An easier and clearer Personal Property Securities Act? The Government outlines proposed changes

On 22 September 2023 the Commonwealth government released the Personal Property Securities Amendment Bill 2023 and amending regulations for public consultation until 17 November 2023. The aim is intended to simplify the use of the law, in particular the registration process, and clarify its application, especially around enforcement priorities.

Over the past 2 months we have published articles discussing case determinations on the Personal Properties Securities Act (PPSA) that:

  • demonstrate the attempts made to clarify what constitutes a personal property security interest (AWE v Clough)

  • how the boundaries are being tested of the law’s application (Laurus v Mitsui);

  • whether assets fall within the PPSA as fixtures or bailments (De Bourbel v Distilleria); and

  • how priority disputes and what constitutes a circulating security asset are being resolved (Resilient v Spitfire ).

It is safe to assume we are supportive of any attempt to simplify the registration process and the law generally and to add clarity to its interpretation and application.

Proposed Reforms

The reforms are presented in sections to address different aspects attempting to be addressed to meet the purported aims of simplification and clarification.

Reach of the Act

The definition of a PPS lease is proposed to be amended to remove the reference to bailments. Something that the Court grappled with in the De Bourbel v Distilleria case.

Section 8 of the PPSA which sets out things not caught within the PPSA regime is to be repealed and replaced with a new section 12A that will state interests that are not security interests.
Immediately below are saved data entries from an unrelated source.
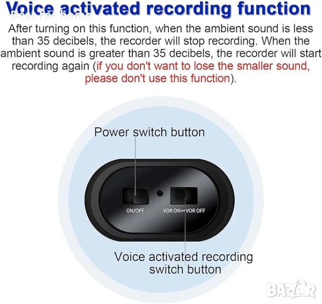 Моля, обърнете внимание: След включване на тази функция, когато околният звук е по-малък от 35 децибела, рекордерът ще спре да записва. Когато околният звук е по-висок от 35 децибела, рекордерът ще започне да записва отново (ако не искате да загубите по-слабия звук, моля, не използвайте тази функция).Изключено), рекордерът може да бъде изключен и файлът да бъде запазен.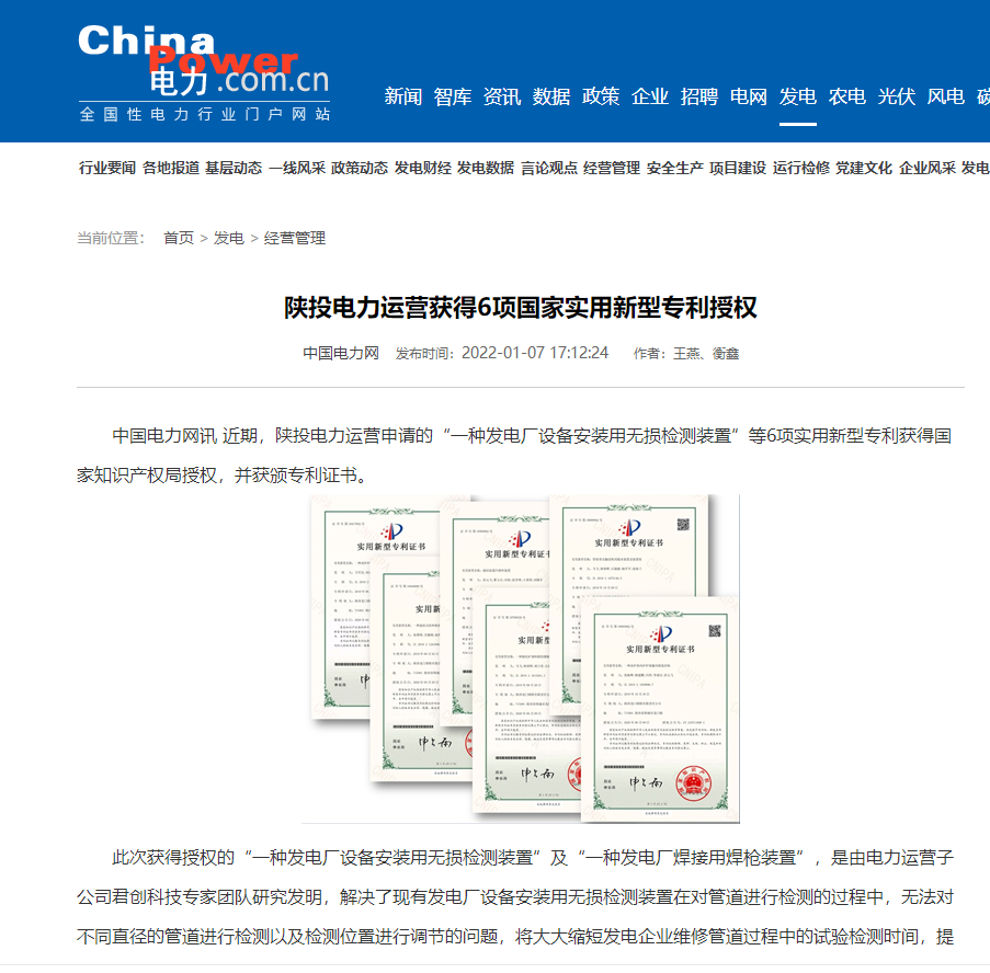 近期,陜投電力運營申請的“一種發(fā)電廠設備安裝用無損檢測裝置”等6項實用新型專利獲得國家知識產(chǎn)權局授權,并獲頒專利證書。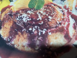 - Flan de coco con salsa roja y coco por encima y naranja
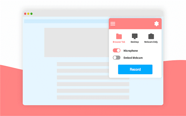 Ele oferece opção para você gravar uma guia aberta do navegador, gravar em tela cheia ou gravar apenas a webcam. Você também pode ativar o acesso ao microfone e a webcam para adicioná-los em sua gravação.
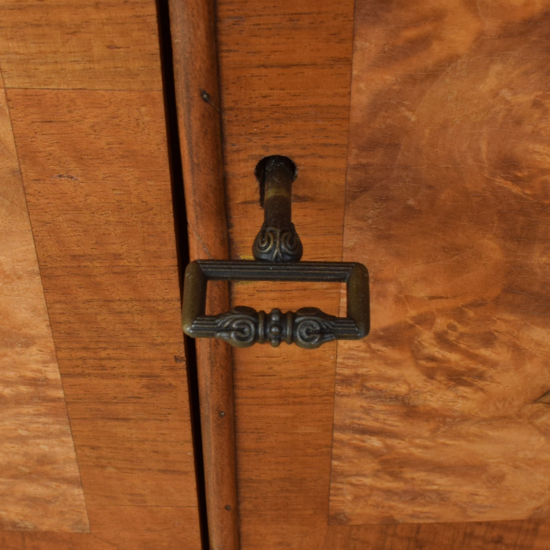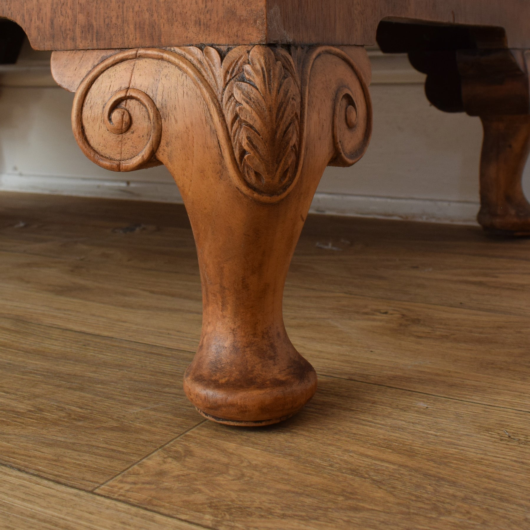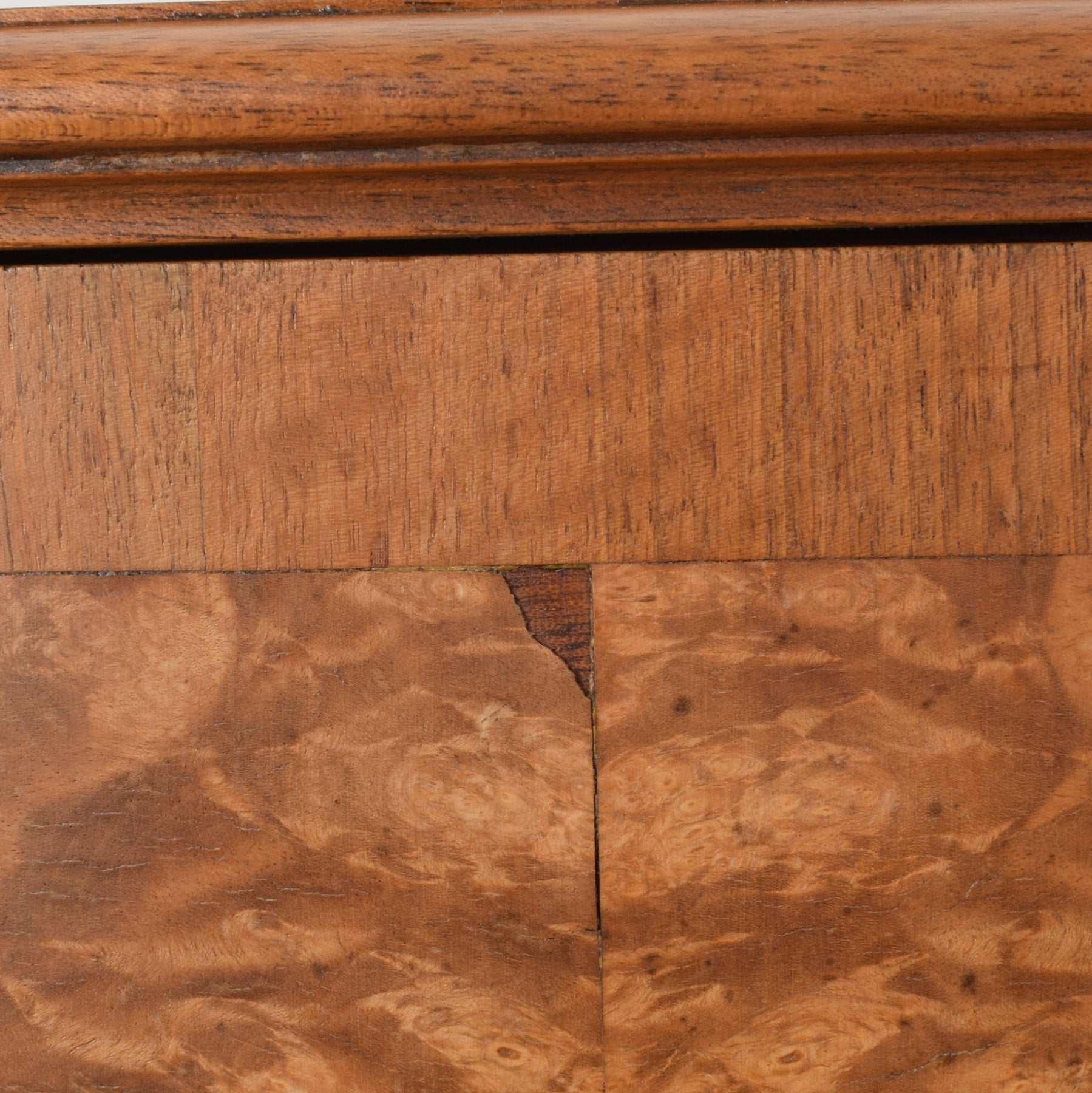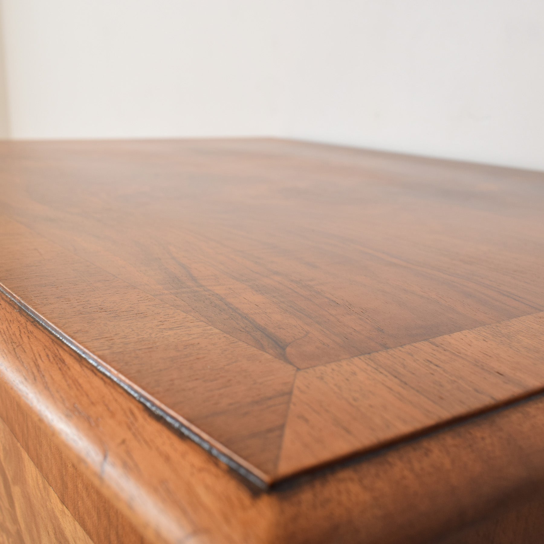The previous finish has been stripped, and multiple coats of hard-wearing matte lacquer have been applied, creating a durable, long-lasting surface while enhancing the natural walnut grain. There are small missing areas of veneer, visible in the photographs, which are consistent with the age of the piece and do not detract from its overall use. This item has been made using a walnut veneer technique. The rear panel is made from plywood, and the drawer bases are also plywood.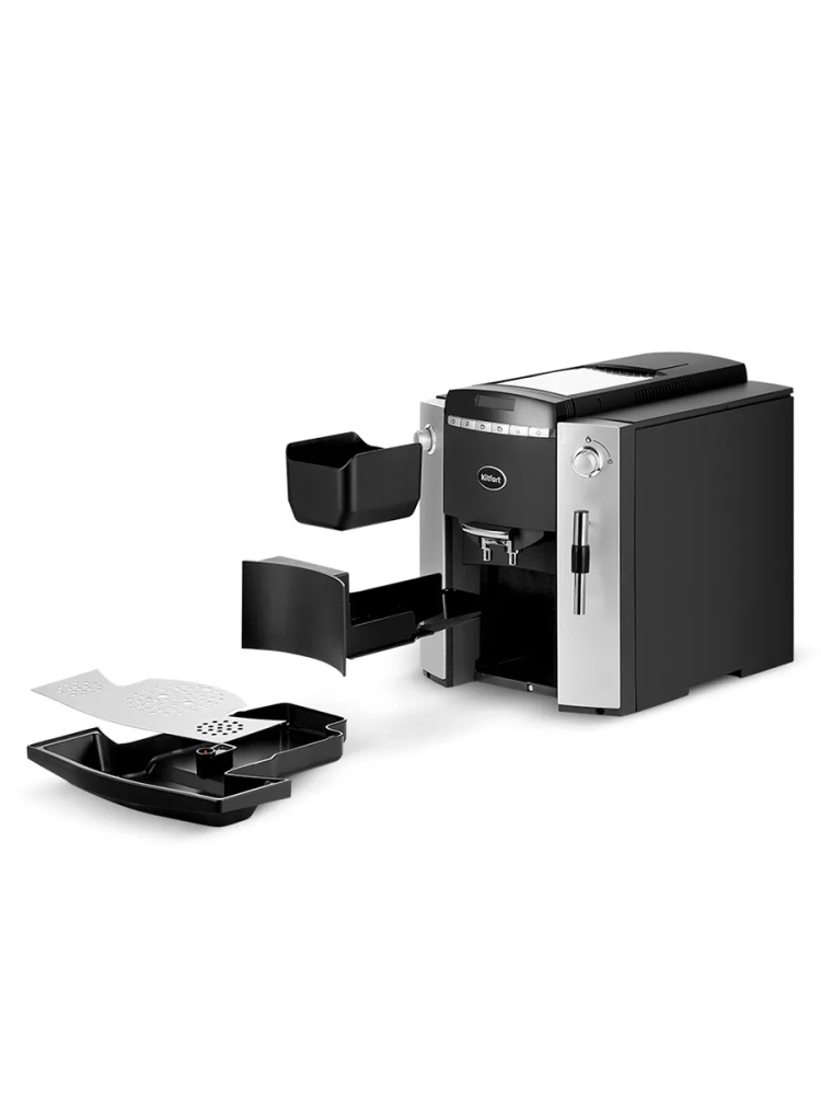 Кофемашина KT-7320 позволяет настроить объем воды и температуру кофе, время взбивания и подогревания молока, жесткость воды, более или менее крепкий кофе. Также вы можете настроить время автоматического включения и отключения кофемашины.

Another issue addressed in the AWE v Clough and the Laurus v Mitsui cases.

A new section 13B will be inserted to clarify interests that are not ‘personal property’ and to distinguish what is covered by ‘personal property’ and what is covered by ‘security interest’.

Section 13B(c) will clarify the exclusions relating to interests in land.

Creating an effective security interest

Registration is sought to be simplified by amending the definition of ‘description’ which has plagued those trying to allocate their registration to a collateral class of asset sought to be protected.

A new section 15A will be inserted to permit collateral to be described by ‘item or kind’. ‘Item’ to be specifically distinguishable asset and ‘Kind’ being a broad description of multiple pieces of an asset.

Temporary perfection will be extended from 5 business days to 10 business days in an amendment to section 33(2).

Dealings in collateral

The definition of a Purchase Money Security Interest (PMSI) will be amended and the requirement to have to check the PMSI box will be removed. Thus attempting to avoid issues about the validity of registrations and whether items have vested in external administrators pursuant to section 267 of the PPSA.

There will also be separate priority and enforcement rules for ‘processed’ and ‘co-mingled’ goods in Part 3.4 of the PPSA.

Enforcement

A proposed new section 109(2) to be inserted to clarify that security interests in personal property to which the National Credit Code applies are excluded from the operation of the Chapter 4 as the NCC regulates enforcement in respect of consumer credit transactions.

A proposed new mandatory enforcement rule to allow a secured party wanting to retain collateral to request proof of the interest in the collateral of a person if the person objects to request proof of any objecting party’s claim that it would be adversely affected. This expands from the current position of only being able to request proof of an interest.

Perfection by registration

New rules are proposed to streamline the end times for registrations in respect of individuals or serial numbered registrations to a maximum of 7 years.

The definitions of commercial and consumer property are to be abolished.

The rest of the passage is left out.